# TASK BRIEF
Type out the complete listing below word for word, without its pictures.

--- DATA TO PROCESS ---

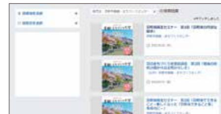
申込受付中の講座一覧ページ(イメージ)
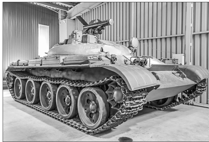
□ Ракетный танк ИТ-1 в Центральном музее бронетанкового вооружения и техники в Кубинке.

Период 16-летней деятельности Карцева в должности главного конструктора был одним из наиболее плодотворных в послевоенном отечественном танкостроении. Карцев выбрал эволюционный путь развития для тагильской школы. КБ двигалось отдельными шагами, оперативно беря и внедряя в серийный танк всё, что появлялось нового в науке и технике.
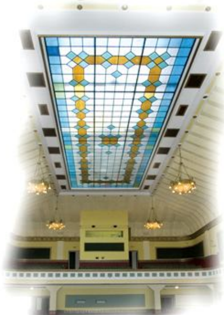
A kazettás, színes, egyedi üvegmennevezet
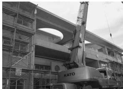
耐震対策万全の校舎（南中新校舎）

A 肺がん検診は単独の検診ではなく、結核検診にセットされています。今後、手続き方法の改善やPR方法などを検討します。
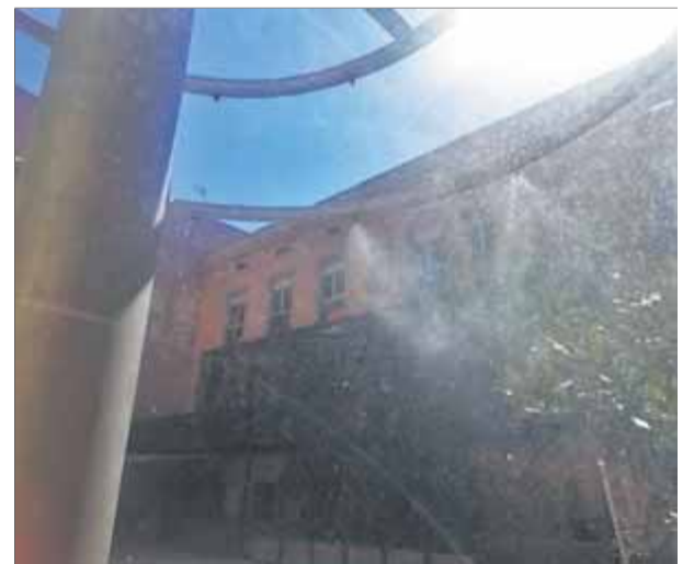
Un vaporitzador d'aigua al refugi climàtic del pati de l'escola Cervantes, al barri de Sant Pere de Barcelona

---

# YOUR SOLUTION
申込受付中の講座一覧ページ(イメージ)
□ Ракетный танк ИТ-1 в Центральном музее бронетанкового вооружения и техники в Кубинке.

Период 16-летней деятельности Карцева в должности главного конструктора был одним из наиболее плодотворных в послевоенном отечественном танкостроении. Карцев выбрал эволюционный путь развития для тагильской школы. КБ двигалось отдельными шагами, оперативно беря и внедряя в серийный танк всё, что появлялось нового в науке и технике.
A kazettás, színes, egyedi üvegmennevezet
耐震対策万全の校舎（南中新校舎）

A 肺がん検診は単独の検診ではなく、結核検診にセットされています。今後、手続き方法の改善やPR方法などを検討します。
Un vaporitzador d'aigua al refugi climàtic del pati de l'escola Cervantes, al barri de Sant Pere de Barcelona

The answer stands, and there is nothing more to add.